Supplied material:
'''

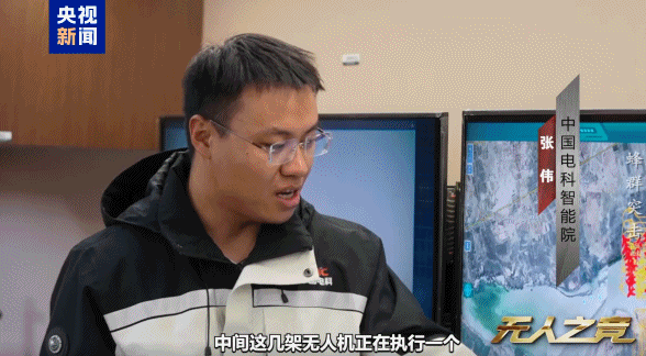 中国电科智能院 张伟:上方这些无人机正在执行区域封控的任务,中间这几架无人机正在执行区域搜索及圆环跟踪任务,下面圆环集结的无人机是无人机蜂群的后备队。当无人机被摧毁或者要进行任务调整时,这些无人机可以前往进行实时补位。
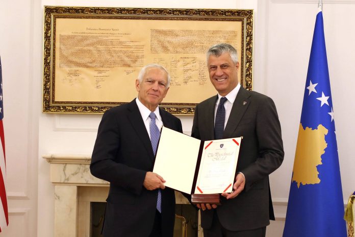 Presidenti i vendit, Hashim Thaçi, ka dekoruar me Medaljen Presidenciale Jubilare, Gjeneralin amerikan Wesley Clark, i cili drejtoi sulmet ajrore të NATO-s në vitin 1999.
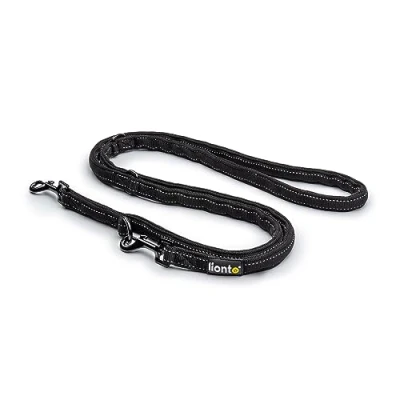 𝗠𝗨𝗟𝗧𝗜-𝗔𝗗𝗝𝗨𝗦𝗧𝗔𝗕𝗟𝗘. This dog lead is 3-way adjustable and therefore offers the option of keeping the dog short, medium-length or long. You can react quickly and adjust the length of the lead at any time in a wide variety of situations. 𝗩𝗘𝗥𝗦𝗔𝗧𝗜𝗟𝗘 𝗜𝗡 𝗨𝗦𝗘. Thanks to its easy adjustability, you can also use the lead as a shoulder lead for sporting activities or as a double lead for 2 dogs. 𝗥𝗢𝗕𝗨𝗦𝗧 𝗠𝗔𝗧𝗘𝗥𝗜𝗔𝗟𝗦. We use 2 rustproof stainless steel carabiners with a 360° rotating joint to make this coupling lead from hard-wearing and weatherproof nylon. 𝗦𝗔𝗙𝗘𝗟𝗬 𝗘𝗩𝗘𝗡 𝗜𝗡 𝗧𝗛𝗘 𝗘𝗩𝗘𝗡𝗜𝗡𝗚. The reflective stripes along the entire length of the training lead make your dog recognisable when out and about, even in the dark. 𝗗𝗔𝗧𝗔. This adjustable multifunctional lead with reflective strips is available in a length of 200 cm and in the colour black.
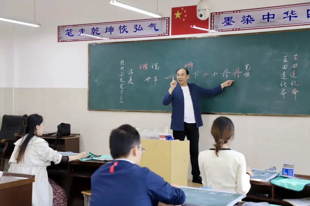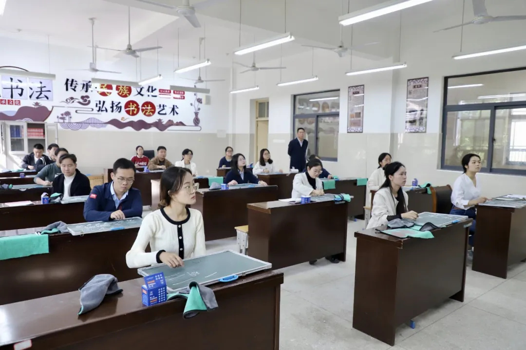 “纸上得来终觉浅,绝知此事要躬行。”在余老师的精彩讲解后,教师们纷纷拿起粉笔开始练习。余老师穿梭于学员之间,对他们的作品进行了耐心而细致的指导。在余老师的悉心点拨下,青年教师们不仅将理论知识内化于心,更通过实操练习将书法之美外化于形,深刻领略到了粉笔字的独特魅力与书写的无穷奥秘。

'''

What is required:
Up to and including the line with "Presidenti i vendit, Hashim", copy the data above from its first line. Skip pictures.

Written answer:
 中国电科智能院 张伟:上方这些无人机正在执行区域封控的任务,中间这几架无人机正在执行区域搜索及圆环跟踪任务,下面圆环集结的无人机是无人机蜂群的后备队。当无人机被摧毁或者要进行任务调整时,这些无人机可以前往进行实时补位。
 Presidenti i vendit, Hashim Thaçi, ka dekoruar me Medaljen Presidenciale Jubilare, Gjeneralin amerikan Wesley Clark, i cili drejtoi sulmet ajrore të NATO-s në vitin 1999.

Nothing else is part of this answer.